Following on from our earlier blog post entitled “Businesses face a potential backlash over holiday pay” a verdict has been reached. Employees have won what has been dubbed a groundbreaking case. This clarifies that going forward all employees that work voluntary overtime could now have the right to claim for additional sums when their holiday pay is calculated.
However, today’s ruling appears to allay some of these fears as the detail of the judgment limits the potential back-pay liability for employers.
Kate Hodgekiss, employment partner at DLA Piper, which acted for one of the parties, summed up:
“Today’s decision confirms that elements of pay which are currently excluded from the holiday pay of many workers must be included in future calculation. This will lead to increased holiday pay liability for many employers. However, any claims in respect of underpaid holiday pay in the past are only possible to the extent that no more than three months elapsed between any such underpayments – in practice this is likely to mean that employees can only claim in respect of one leave year rather than, as had been a possibility, in respect of all underpaid leave as far back as 1998. The impact for employers is significantly less devastating than feared”.
The ruling is likely to have the greatest impact on sectors such as retail and manufacturing, which rely heavily on overtime and commission payments.
Two test cases – Amec vs Law and Hertel vs Wood – featured prominently in the ruling.
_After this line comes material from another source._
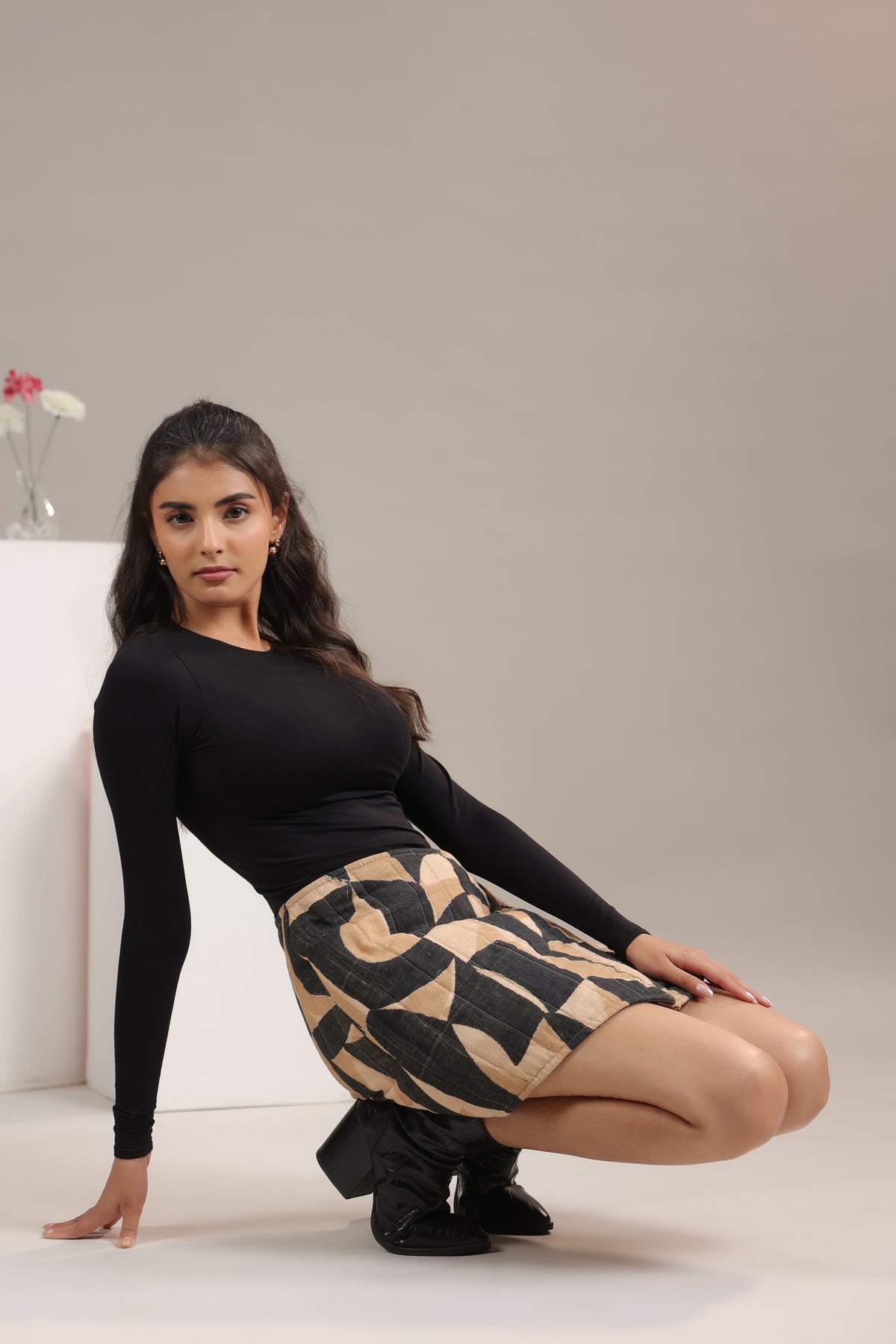 Buy Abstract Print Black & Beige Quilted Short Skirt – Stylish Casual Skirt for Women

Unite, the UK’s largest trade union, brought the cases against Amec and Hertel, and said that the ruling could lead to payouts worth “thousands of pounds” for the 16 members concerned, and “pave the way for similar cases”.
Unite’s executive director for legal, membership and affiliated services Howard Beckett said:
“Up until now some workers who are required to do overtime have been penalised for taking the time off they are entitled to. This ruling not only secures justice for our members who were short changed, but means employers have got to get their house in order.
Employers will now have to include overtime in calculating holiday pay, and those that don’t should be under no illusion that Unite will fight to ensure that our members receive their full entitlement”.
A third test case, Bear Scotland vs Fulton, saw three employees of the Scottish road maintenance company argue that overtime should have been factored into their holiday pay, and backdated to 1998 when the working time regulations were changed. This was rejected by the EAT.